Data Challenge: Differentiating Code-Borrowing from Code-Mixing
About the challenge:
Code-mixing and code borrowing are two important linguistic phenomena as seen in a multilingual context. As a challenge, participants are required to develop a metric to rank a set of candidate words according to the borrowing likeliness. The team will be announced as the winner(s), who develops the best metric to rank the candidate words.
Context and Motivation:
Code-Mixing refers to mixing of two languages. In particular, when words and phrases of one language, say foreign language, is used while communicating in another language, say domain language, then code mixing is said to occur. This phenomenon is often seen in the communication among bilingual and multilingual speakers. In Code-Mixing people are subconsciously aware of the foreign origin of the Code Mixed word or the phrase. A similar linguistic phenomenon is called Code-Borrowing, where a word or a phrase from a foreign language is used as a part of the native vocabulary of the domain language. This phenomenon can be seen in the communication between monolingual people of a language where people often use borrowed words or phrases without being aware of the foreign origin of that word or the phrase. Example: Some of the words in Hindi borrowed from English are botal from the bottle, kaptaan from the captain, afsar from officer etc. Similarly, English-Hindi bilingual speakers often use English words like money, cool, moment etc, which are not in the vocabulary of monolingual Hindi Speaker. These are mostly examples of code-mixing. However, there are certain English words, which at some point got into the vocabulary of the monolingual Hindi speaking community – e.g., match dekhna (to see the match). The English word “match” in this case is an example of borrowing.

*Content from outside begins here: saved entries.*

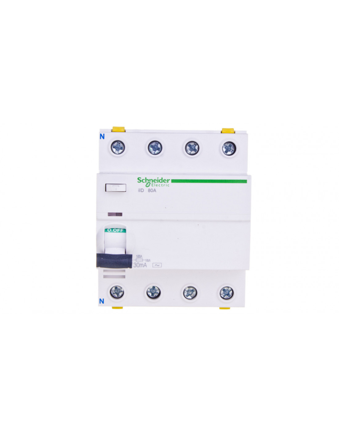 Ten wyłącznik różnicowoprądowy 4-biegunowy pochodzi z kolekcji Acti 9 marki SCHNEIDER ELECTRIC. Jego czułość została oznaczona literami AC. Częstotliwość przy jakiej pracuje to 50/60 Hz. Głębokość wbudowana tego wyłącznika wynosi 70 mm. Posiada 8 modułów. Wymiar obudowy (zgodnie z DIN 43880) został oznaczony na 8. Napięcie znamionowe 1 osiąga 400 V, natomiast napięcie znamionowe 2 - 415 V. Wyłącznik nie posiada ochrony selektywnej i wyzwalania krótkozwłocznego. Odporność na udar prądowy wynosi 0,25 kA. Prąd znamionowy w tym urządzeniu osiąga 80 A. Wyłącznik można zamontować na szynie DIN. IP20, to stopień ochrony jakim się cechuje. Urządzenie będzie odporne na ciała obce o średnicy 12,5 mm, nie jest jednak chronione przed szkodliwym działaniem warunków atmosferycznych dlatego nie powinno się wykorzystywać go na zewnątrz budynków. Znamionowa zdolność zwarciowa wynosi 1,5 kA, natomiast znamionowy prąd różnicowy ma 0,03 A. Dany wyłącznik można dodatkowo wyposażyć. Wytworzył go SCHNEIDER ELECTRIC, który istnieje od polowy XIX wieku i z roku na rok coraz bardziej się rozwija.
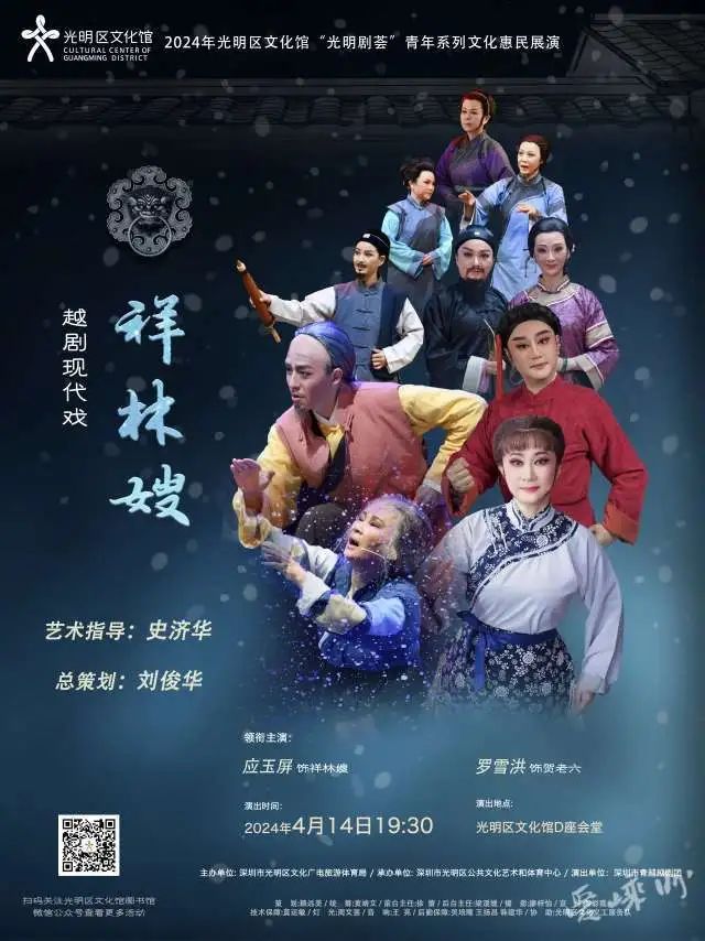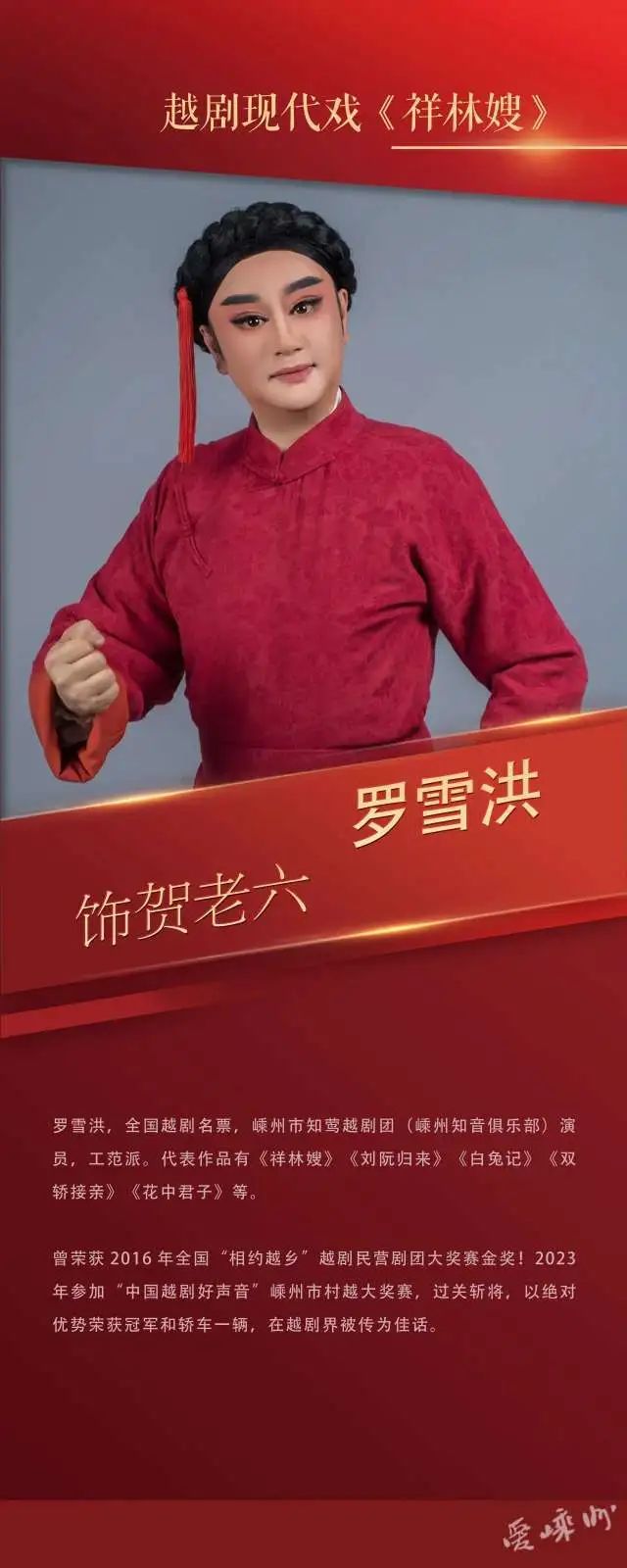 △四月十四日,深圳青越越劇團(tuán)將在深圳光明區(qū)文化館劇場上演該團(tuán)拿手好戲《祥林嫂》,為增加劇情色彩,突出現(xiàn)代戲男角男演,提升劇目演出效果,他們特邀嵊州“村越大賽”冠軍羅雪洪加盟,擔(dān)綱“賀老六”一角。今天正在劇場有序走臺(tái),磨合。力爭正式演出圓滿成功。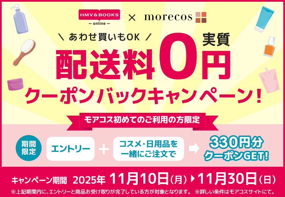 \11月10日〜11月30日開催/配送料実質0円!クーポンバックキャンペーン【HMV&BOOKS online×モアコス】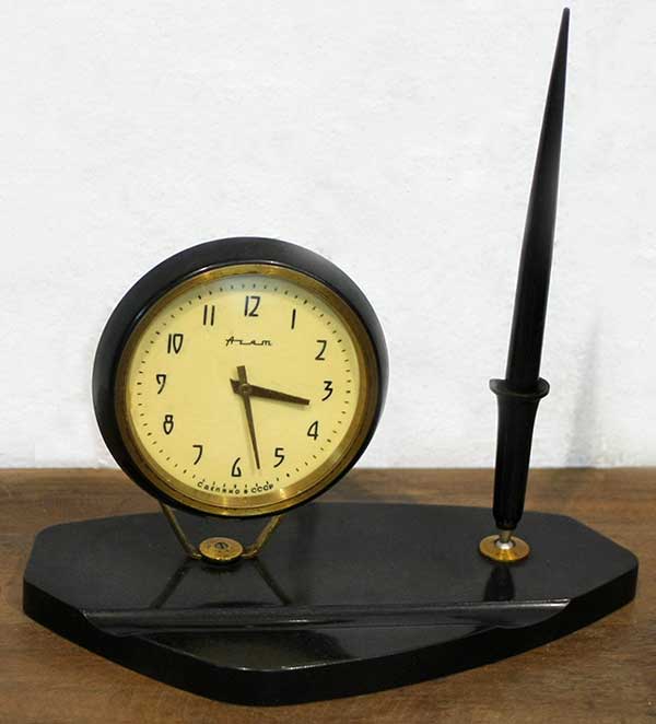 А изначально часы выглядели так (фотографии взяты из интернета): достаточно массивное основание из бакелита. С правой стороны в шаровой опоре гнездо для перьевой ручки, слева сами часы в поворотном кронштейне. Впереди выемка - также для перьевых ручек... Этакие стильные часы для кабинета начальника, или писателя... На пластмассовом основании часто делали подарочные гравировки, заливали их "золотом" и все это смотрелось очень даже хорошо.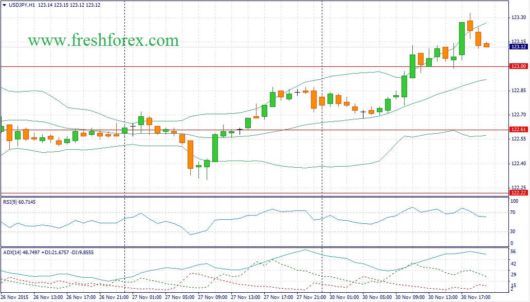 В первой половине дня следует ожидать преобладания бычьих настроений на фоне позитивной динамики долгового рынка. Два последних торговых дня дифференциал доходности государственных облигаций США и Японии расширялся, что увеличивает привлекательность инвестиций в американские активы, и тем самым будет поддерживать спрос на доллар. Однако на сильный рост котировок сегодня рассчитывать не стоит по двум причинам. Во-первых, индекс долларовой корзины (USDX) сейчас находится в области максимальных значений текущего года и с учетом того, что на вторую половину недели запланирована публикация целого блока важнейшей макроэкономической статистики участники рынка будет воздерживаться от активной торговли, занимая выжидательную позицию. Во-вторых, как было отмечено ранее, в американскую торговую сессию можно ожидать выхода данных по индексу ISM производственного сектора хуже медианы прогнозов, что будет сдерживать “быков” от дальнейшего наступления. На этом фоне в первой половине дня следует открывать позиции Buy на снижение котировок в область 122.95/122.65 и фиксировать прибыль на отметке 123.35. Необходимо выделить следующие уровни: уровни поддержки: уровни поддержки: 123.00 – 122.61 и уровни сопротивления: 123.60 – 124.12.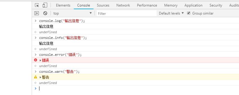 在输出信息时,会在最前面加一个红色的叉,表示出错,同时会显示错误发生的堆栈。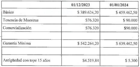 A partir de este nuevo acuerdo, que tiene vigencia retroactiva desde el pasado 1° de diciembre, un visitador médico percibirá un ingreso mensual mínimo de $542.264,20 (u$s 1.419,76). Esta cifra está conformada por un básico de $389.624,20 (u$s 1.020,12); un adicional de $76.320 (u$s 199,82) por tenencia de muestras; y otro monto equivalente en concepto de comercialización. A esto también se le combina un total de $4.519,84 (u$s 11,83) por cada año de antigüedad, con un tope de 15 años.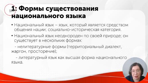 ID1594 Лекция 4. Формы существования национального языка. Литературный язык, признаки литературного языка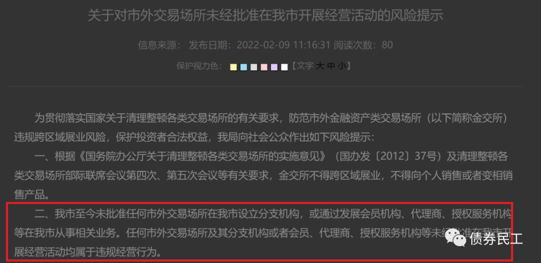 2、2022年2月9日,浙江省寧波市地方金融監督管理局公告,針對金融資產類交易場所,“至今未批準任何市外交易場所在我市設立分支機構,或通過發展會員機構、代理商、授權服務機構等在我市從事相關業務。”如果不能進行異地展業,對于金交所各類的產品來說,影響還是非常大的。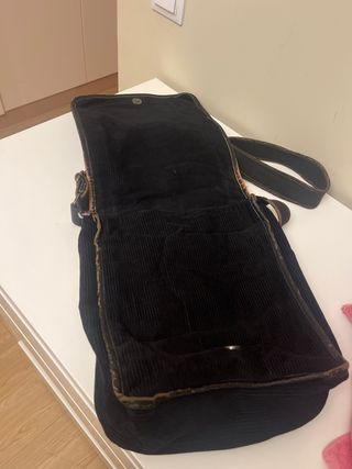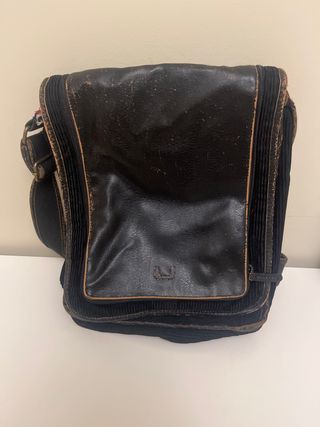 Bandolera de piel con un diseño envejecido y detalles en contraste. Tiene un montón de bolsos y caben muchas cosas. Mide unos 35 cm de alto por unos 25 de ancho. - Material: Piel y pana. - Color: Negro y marrón.

Identification of Code-borrowing from code mixing can help in many aspects of multilingual information retrieval and Natural language processing. For example, if we can distinguish multilingual queries having only borrowed foreign words or phrases, then for processing these queries we need to access only monolingual documents of domain language. This ultimately reduces the computational cost of such queries.
In literature, there are very few computational methods proposed that will distinguish code borrowing from code mixing. Bali et al., (2014) is one of them. They proposed a frequency based approach to distinguish borrowed words from the mixed ones. There are many shortcomings in their method e.g their method performs well only for the most likely borrowed words and there is no clarity regarding words falling in the borderline between borrowing and mixing. The main reasons that make this problem challenging is
There is no clear signal of borrowing.
- The borrowing phenomenon evolves over time, i.e., it is dynamic in nature.
Since code borrowing is dynamic in nature, so it necessitates tracking the recent conversation among people to better track probably likely to be borrowed words. Social media data corpus, in this context, can help us to track recent conversations among people.
The task has two parts:
- Borrowedness index: A metric that indicates the likeliness of a word to be borrowed needs to be developed from various signals of user communication obtained from social media.
- Ranking: Based on the value of the borrowedness index of a word, a rank list of words needs to be prepared.
- Ground-truth rank list preparation: Each participant shall have to collect ground-truth responses (described later) from at least 10 individuals.
Ideas for Ranking:
In this section, we are representing our two borrowedness metrics Unique user ratio (UUR) and Unique Tweet Ratio (UTR). You may consider these two metrics as the baseline for your metric comparison. For the calculation of UUR and UTR, we classified each tweet into one of the following categories
- English: If almost every word (i.e. > 90%) in the tweet is tagged as En.
- Hindi: If almost every word ( i.e. > 90%) in the tweet is tagged as Hi.
- CME: Code mixed tweet but the majority (i.e. > 50%) of words in the tweet is tagged as En.
- CMH: Code mixed tweet but the majority (i.e. > 50%) of words in the tweet is tagged as Hi.
- CMEQ: Code mixed tweet having an equal number of words tagged as En and Hi respectively.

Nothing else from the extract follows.